PubAnnotation¶
[ Overview | Features | Format | API ]¶
This page is under improvement. We will appreciate your any comment.
PubAnnotation supports four different types of annotation for modeling of any semantic information expressed in text.
Category annotations (catanns)¶
A category annotation in PubAnnotation consists of specification of a span and its category, identifying the span as a reference to an object of the category. A span is specified by a pair character offsets, begin and end, which are delimited by a colon(':'). Semantically, a category annotation represents an entity identified by the category in the context of surrounding the span. It is also know as a text-bound entity.
[Figure 1]
Id. | span | category | text |
---|---|---|---|
T1 | 193:200 | Gene_expression | produce |
T2 | 201:223 | Protein_family | inflammatory cytokines |
T3 | 232:237 | Protein | IFN-γ |
T4 | 242:245 | Protein | TNF |
In the above example, four entities are identified: gene expression, protein family, and two proteins.
Typical annotations of in this type include text-bound term annotation, named entity annotation, and so on. However, any annotation that may be created by a span selection and category assignment can be classified as a category annotation.
Relation annotations (relanns)¶
A relation annotation consists of specification of a relation type and two objects to be related to each other.
[Figure 2]
Id. | subject | relation | object |
---|---|---|---|
R1 | T2 | themeOf | T1 |
R2 | T2 | coreferenceOf | T3 |
R3 | T2 | coreferenceOf | T4 |
- T2('inflammatory cytokines') is related to T1('produce') by the relationship themeOf, and
- T2 is also related to T3 and T4 by the relationship coreferenceOf.
Instance annotations (insanns)¶
An instance annotation may be used when a text-bound entity needs to be 'instantiated' to different objects.
[Figure 3]
Id. | type | object |
---|---|---|
E1 | instanceOf | T1 |
E2 | instanceOf | T1 |
Id. | subject | relation | object |
---|---|---|---|
R4 | T3 | themeOf | T1 |
R5 | T4 | themeOf | T1 |
Below is the difference of the two annotations:
- in Figure 2, a gene expression event, of which inflammatory cytokines is the theme object, is identified and annotated as such, whereas
- in Figure 3, two gene expression events are identified and annotated as such:
- one is related to IFN-γ, and
- the other is related to TNF.
Another alternative is shown below:
[Figure 4]
In this example, two category annotations are created to the term 'produce'.

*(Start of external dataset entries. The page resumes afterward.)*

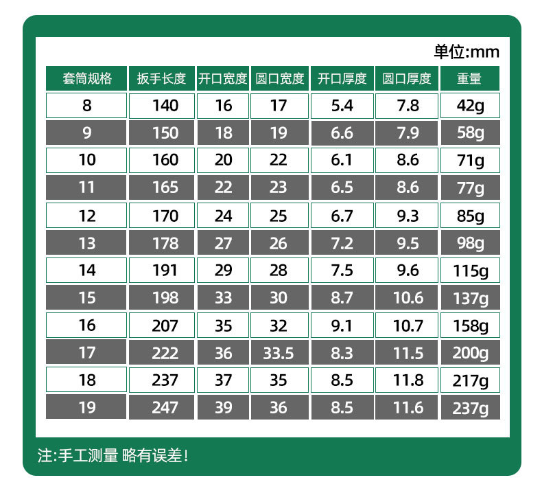 | Especificaciones y modelos | 60 / 426, llave de trinquete de doble propósito de oro negro 6mm, 300 / pieza, 427, llave de trinquete de doble propósito de oro negro 7mm, 300 / pieza, 428, llave de trinquete de doble propósito de oro negro 8mm, 0.04kg, 429, llave de trinquete de doble propósito de oro negro 9mm, 60 / 3 piezas, 0.06kg, 430, llave de trinquete de doble propósito de oro negro 10mm, 3 piezas, 0.07kg, 431, llave de trinquete de doble propósito de oro negro 11mm, 3 piezas, 0.08kg, 432, Llave de trinquete de doble propósito de oro negro 12mm, 240 / pieza, 0.09kg, 433, llave de trinquete de doble propósito de oro negro 13mm, 240 / pieza, 0.1kg, 434, llave de trinquete de doble propósito de oro negro 14mm, 240 / pieza, 0.12kg, 435, llave de trinquete de doble propósito de oro negro 15mm, 150 / pieza, 0.14kg, 436, llave de trinquete de doble propósito de oro negro 16mm, 150 / pieza, 0.16kg, 437, llave de trinquete de doble propósito de oro negro 17mm, 150 / pieza, 0.2kg, 438, llave de trinquete de oro negro 18mm, 120 / pieza, 0.22kg, 439, llave de trinquete de oro negro 19mm, 120 / pieza, 0.24kg, 441, llave de trinquete de oro negro 21mm, 80 / pieza, 442, llave de trinquete de oro negro 22mm, 80 / pieza, 443, llave de trinquete de oro negro 23mm, 80 / pieza, 444, llave de trinquete de oro negro 24mm, 60 / pieza, 445, Llave de trinquete de doble propósito de oro negro 27mm, 60 piezas, 446, llave de trinquete de doble propósito de oro negro 30mm, 30 / pieza, 447, llave de trinquete de doble propósito de oro negro 32mm, 30 / pieza |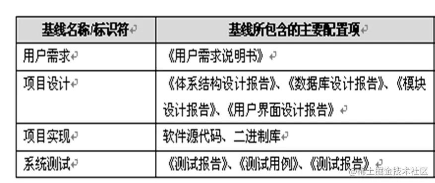 - 基线提供了软件生存期中各个开发阶段的一个特定点, 标志开发过程一个阶段的结束,或者里程碑,是一个静态点。例如:需求点,设计点等等…需求阶段可以产生很多文件,既有很多配置项。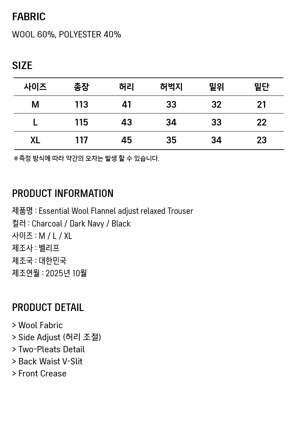 Essential Wool Flannel adjust relaxed Trouser (Black)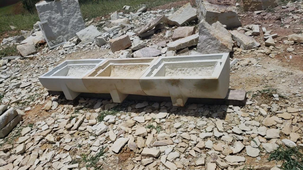 Para contrastar con la monocromía general y las formas sólidas, se introduce piedra Barichara, extraída en Santander. Este material, con su textura rústica y tonos terrosos, se utiliza en piezas de mobiliario artesanal y destaca especialmente en una gran piedra central ubicada en la sala de recepción, que actúa como elemento protagónico y aporta calidez y naturalidad al ambiente.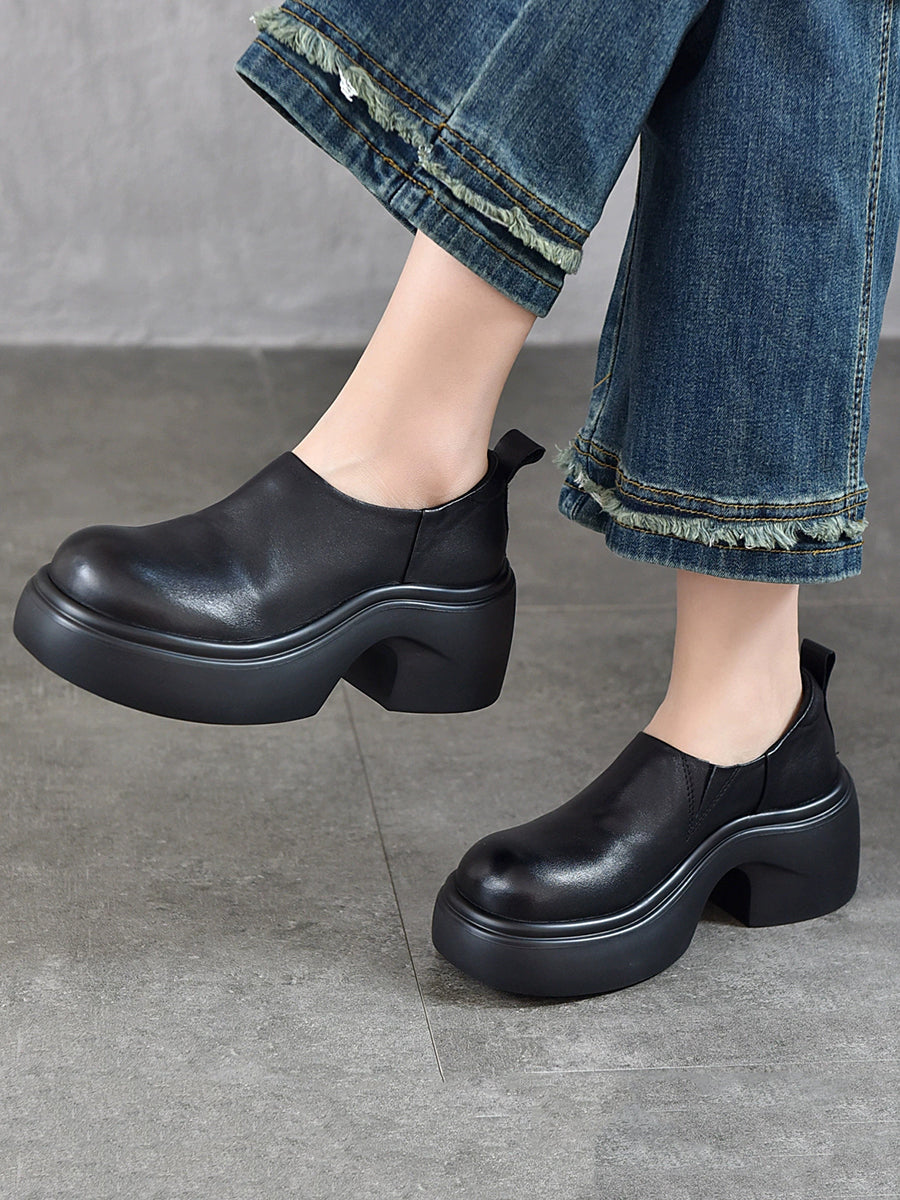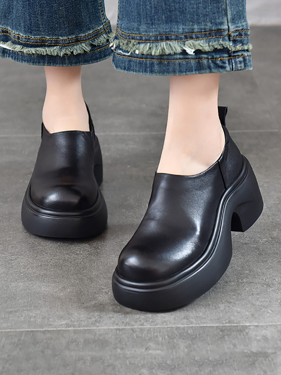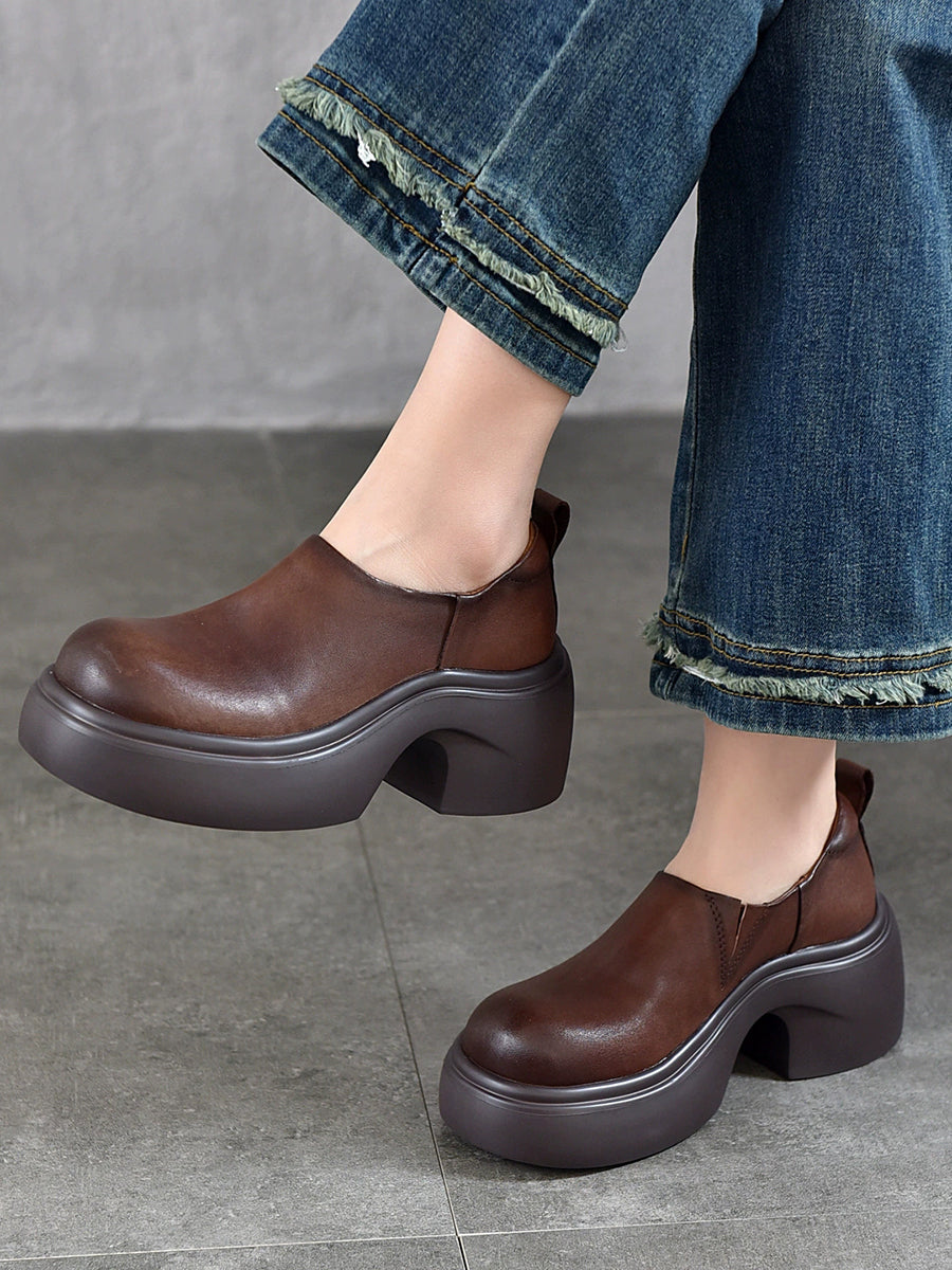 女士夏季真皮厚底鞋

Semantically, the annotations in Figure 3 and 4 are almost the same.
A slight different is that Figure 3 represents a natural steps of annotation - term annotation first and then relation annotation -, thus the type of instances (events) are dependent on the category annotation.
The annotation examples shown in Figure 2, 3, and 4 are all possible, and the semantics are more or less similar to each other. It is a matter of modeling, rather than one is right and the others are wrong.
PubAnnotation support all the alternatives, leaving the choice up to the user's decision.
Note that the BioNLP-ST GE task takes on the modeling in Figure 3.
Modification annotations (modanns)¶
A modification annotation is used to represent a relation or instantiation that is negated or speculated.
[Figure 5]
[Category annotations]Id. | span | category | text |
---|---|---|---|
T25 | 1793:1798 | Protein | Runx3 |
T66 | 1806:1815 | Gene_expression | expressed |
T26 | 1793:1798 | Protein | CD4 |
Id. | type | object |
---|---|---|
E1 | subClassOf | T66 |
Id. | type | subject | object |
---|---|---|---|
R19 | themeOf | T25 | E11 |
Id. | type | object |
---|---|---|
M3 | Negation | E11 |
In the above example, the event "gene expression of Runx3" is negated in the text, which is represented as a negation (M3) of the instantiation (E1) of the event gene expression (T66), that is related to the protein 'Runx3' (T25) by the relationship 'themeOf' (R19).
Figure 6 shows an alternative approach:
[Figure 6]
Here, the protein 'Runx' (T25) is directly related to the gene expression event (T66), and the relationship is negated (M3).
Either of above approaches would be possible (a bit different semantics of each component would be required). Again, PubAnnotation is neutral to any approach, leaving the choice up to the user's decision.